■ **Task to carry out**: In the material below, find the span from the line with "No dia 5 de" to the line with "Elazığ'da kar 20" and transcribe only those lines, exactly, ends included, without the pictures.

** Records supplied follows **

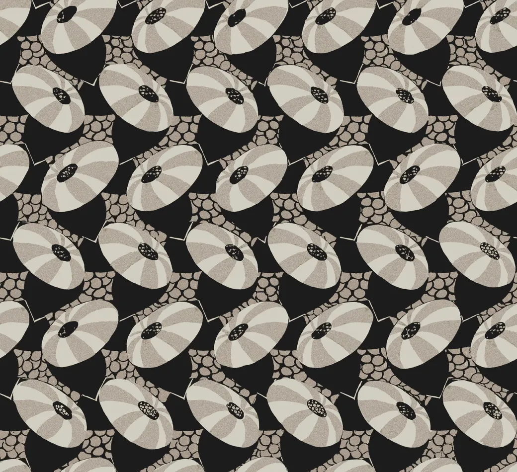 Обои Khroma Folies арт-FOL003 представляют собой флизелиновые рулонные обои, произведенные в Бельгии. Они имеют уникальный дизайн в стиле ар-деко с кругами, что делает их подходящими для современных интерьеров, включая гостиные и спальни.
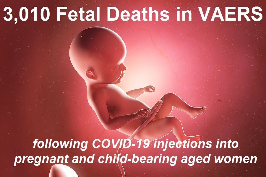 With the update in VAERS today (12/24/21), we have now found 3010 fetal deaths following COVID-19 shots injected into pregnant and child-bearing women for the past year. (Source.)
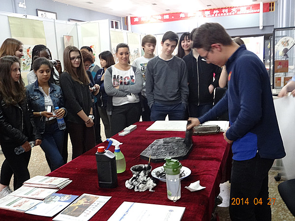 晚餐后,法国师生们又来到图书馆大厅,参观天津杨柳青画社的画展。画社资深讲解员为大家介绍了每幅作品的内容及涵义,同学们听得津津有味。最后,对中国传统文化兴趣浓厚的同学们,自己动手制作了木版画来纪念此次北京之行。
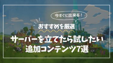 マイクラサーバーを立てたら試したい追加要素は「マイクラサーバーを立てたら試したい!マルチプレイがもっと楽しくなる追加要素を紹介」という記事で詳しく解説しているので、参考にしてみてください。
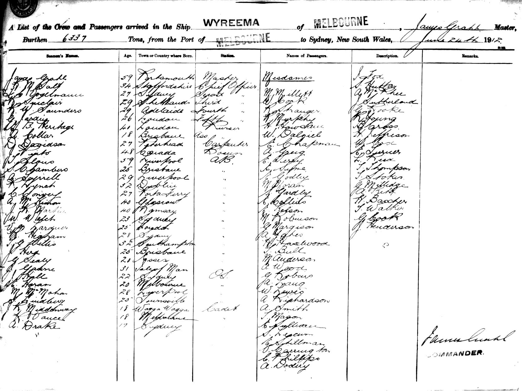 WYREEMAOF MELBOURNE, JAMES GRAHL, MASTER, BURTHEN 6337 TONS FROM THE PORT OF MELBOURNE TO SYDNEY, NEW SOUTH WALES, 24TH JUNE 1912 |
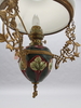 Bronserad metall. Kåpa i majolika med dekor av blommor. Höj- och sänkbar. Höjd 59 cm bredd 36 cm.
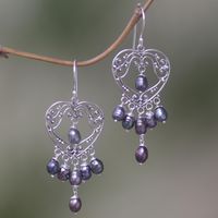 Sterling Silver Pearl Heart Shaped Earrings 'Heart Symphony in Black' Item ID: 2671821564
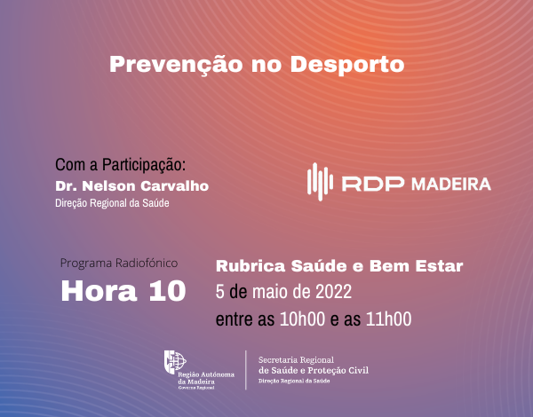 No dia 5 de maio, o tema a abordar na RDP-Madeira será "Prevenção no Desporto", com a participação do Dr. Nelson Carvalho, Psicólogo e Diretor da Unidade Operacional de Intervenção em Comportamentos Aditivos e Dependências, da Direção Regional da Saúde.
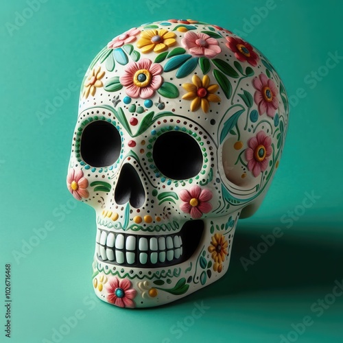 A vibrant decorative skull showcasing traditional Mexican artistry for Día de los Muertos, embodying the celebration of life and remembrance.
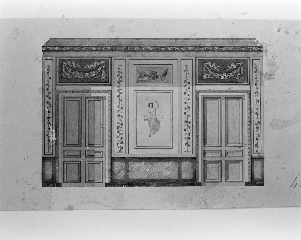 Grande salle à manger. Projet de modification du décor. Epoque Restauration, (plan n°44), coll. Part.Immatriculation
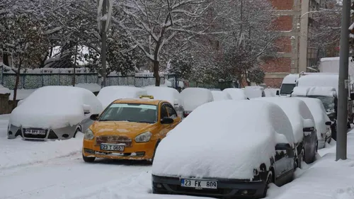 Elazığ'da kar 20 santimetreye ulaştı; park halindeki araçlar kar altında kaldı
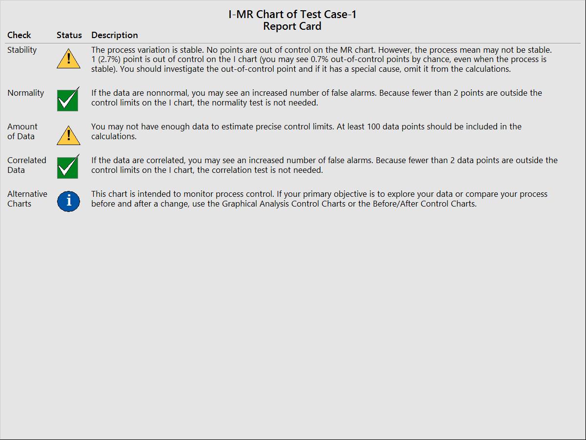 Además de preparar el gráfico de control, Minitab prueba los patrones fuera de control o no aleatorios basados en las Reglas de Nelson y proporciona una evaluación en los informes de fácil lectura de Resumen y Estabilidad. La tarjeta de informe (Report Card), según el gráfico de control seleccionado, verificará automáticamente sus suposiciones de estabilidad, normalidad, cantidad de datos, correlación y sugerirá cuadros alternativos para analizar más a fondo sus datos.
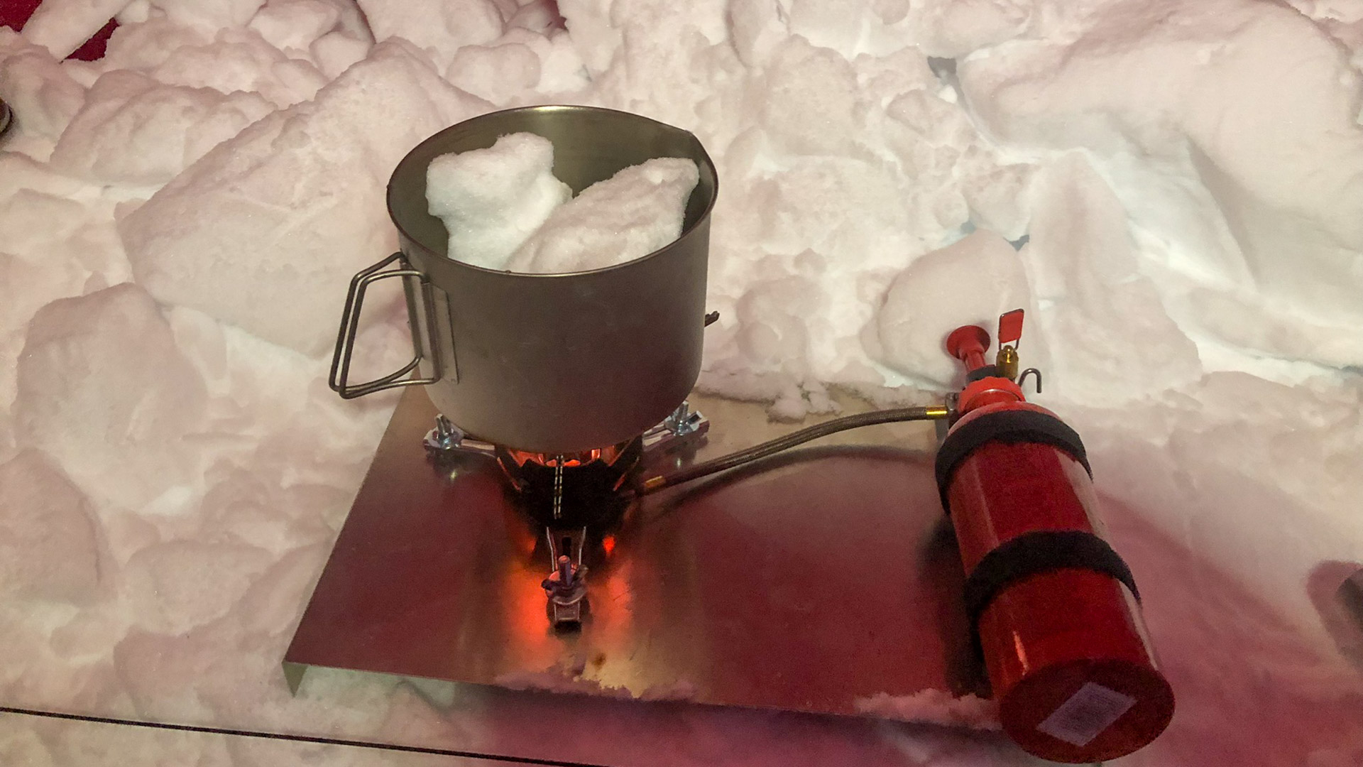 Wir schmelzen das erste Mal Schnee, essen unsere Expeditionsnahrung aus der Tüte und richten uns in den Zelten ein. Die Nacht wird etwa -14°C kalt, so dass die Schuhe morgens schon ordentlich gefroren sind. Die möglichen -30°C in dieser Gegend erreichen wir zum Glück nicht. Auch das Frühstück gibt es aus der Tüte: fertiges Müsli, auf das man nur Wasser gießen muss. Ich schütte kühlen Tee auf das Müsli, denn Müsli mit warmem Wasser ist dann doch nicht so meins.

** End of Records supplied **

■ **Finished task**:
 No dia 5 de maio, o tema a abordar na RDP-Madeira será "Prevenção no Desporto", com a participação do Dr. Nelson Carvalho, Psicólogo e Diretor da Unidade Operacional de Intervenção em Comportamentos Aditivos e Dependências, da Direção Regional da Saúde.
 A vibrant decorative skull showcasing traditional Mexican artistry for Día de los Muertos, embodying the celebration of life and remembrance.
 Grande salle à manger. Projet de modification du décor. Epoque Restauration, (plan n°44), coll. Part.Immatriculation
 Elazığ'da kar 20 santimetreye ulaştı; park halindeki araçlar kar altında kaldı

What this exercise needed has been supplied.